Brother Glad made an effort to reassemble his expression of stern good will. "He belongs here," he stated. "His destiny—"
"He belongs back on Terra, getting an education," O'Royle cut off the other's speech.
Brother Glad's expression jelled over. "Gon is here doing what the Infinite shaped him for, what he was born for."
O'Royle narrowed his eyes. "He was born," he said grimly, "because a young spacer met a woman in a lonely place, and they fell in love. As for his shape—Gon's an intelligent boy, a fine scholar. He can lead a useful life—"
"A life of seclusion—a scientist-monk, a misfit in a dead-end! He deserves a chance to live! Here, he can make a unique contribution. He'll play a role in the Great Plan—"
"Hogwash!" O'Royle cut in. "You're not going to use Gon as a pawn in your game, whatever it is! Now, do you tell me where he is, or do I have to start looking?"
Brother Glad met O'Royle's eye. "You may be Gon's father, but he's of age. You've no claim on him now."
"And you do?"
"He's helping me willingly."
"To do what?"
"His people were disinherited—denied the open land, the free air—by the meddling of our ancestors! I intend to undo that wrong—to bring these unfortunate stepchildren of the human race back to their own world! Gon can help!"

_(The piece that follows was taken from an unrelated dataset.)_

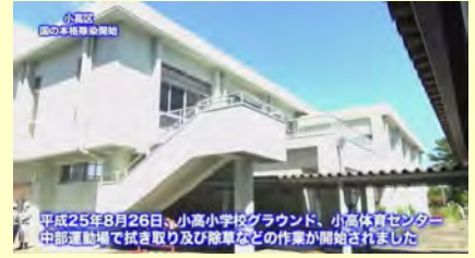
平成25年8月26日、小高小学校グラウンド、小高体育センター、中部運動場で拭き取り及び除草などの作業が開始されました

O'Royle stared at the zealot. "Back to their own world?
This
is their world, damn you! They can't live out of water for more than a few hours!"
"Perhaps—but we needn't abandon them to such a fate! They've regressed since their ancestors were left here; they no longer farm; their domestic animals have returned to the wild. They've multiplied, but no start has been made on bringing life to the shore. The experiment, in other words, is a failure. Very well—these people are doomed—but their children deserve the right to rejoin their race, to live normal lives! They're innocent victims of unnatural tampering with the Infinite's plan! We owe it to them to give them back what they lost!"

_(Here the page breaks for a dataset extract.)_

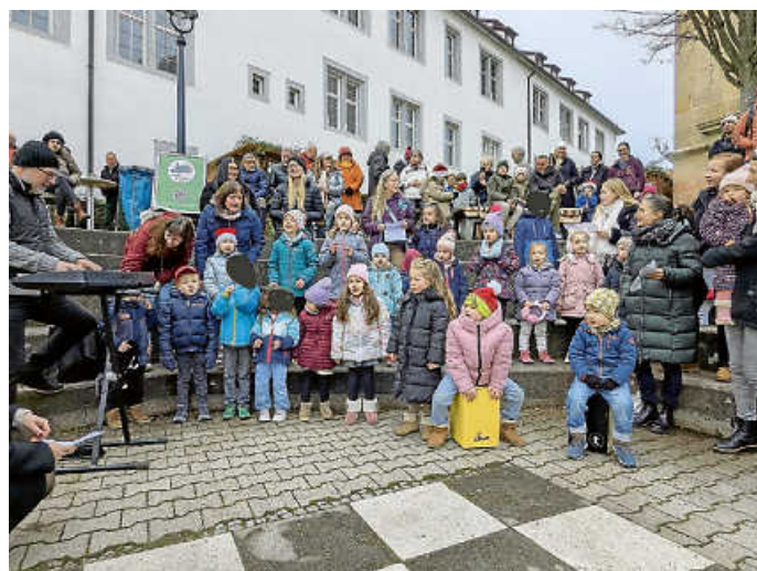
Weihnachtsliedersingen zur Eröffnung durch die Kindergärten Mühlhalde und Glashütte

Stunden hinweg für beste Unterhaltung. Der Posaunenchor der evangelischen Kirche sowie der Musikverein Stadtkapelle Waldenbuch e. V. gestalteten weitere Konzerte auf dem Schachbrett. Die Musikschule lud zum gemeinsamen Weihnachtsliedersingen in der Kirche St. Veit ein und rundete den Abend mit einem stimmungsvollen Weihnachtskonzert in ihren eigenen Räumen ab.

"Where does Gon come into all this?"
"He's my ambassador to the Merieds. He'll go among them, bring the good news of their deliverance to them, lay the foundation for the program—"
"You sent him out
there
—into the ocean?"
"Of course. It's his natural element. He can go among the Merieds as no norm—ordinary man could do."
"You fool!" O'Royle's voice was ragged. "Why do you think I took him to Terra in the first place?"
"To be rid of him, I suppose!"
O'Royle's fists were clenched, but he held his voice steady. "Gon looks like his mother—externally. To normal Terries that makes him a freak, a side-show exhibit. But internally, it's different. He's only half Meried. His heart's not designed to pump under the pressure of more than fifty or a hundred feet of water. And the trace minerals in the water here are wrong; iodine and arsenic and lead can reach toxic levels in his cells in a matter of hours—if he hasn't drowned by then, or been killed by the local sea-life!"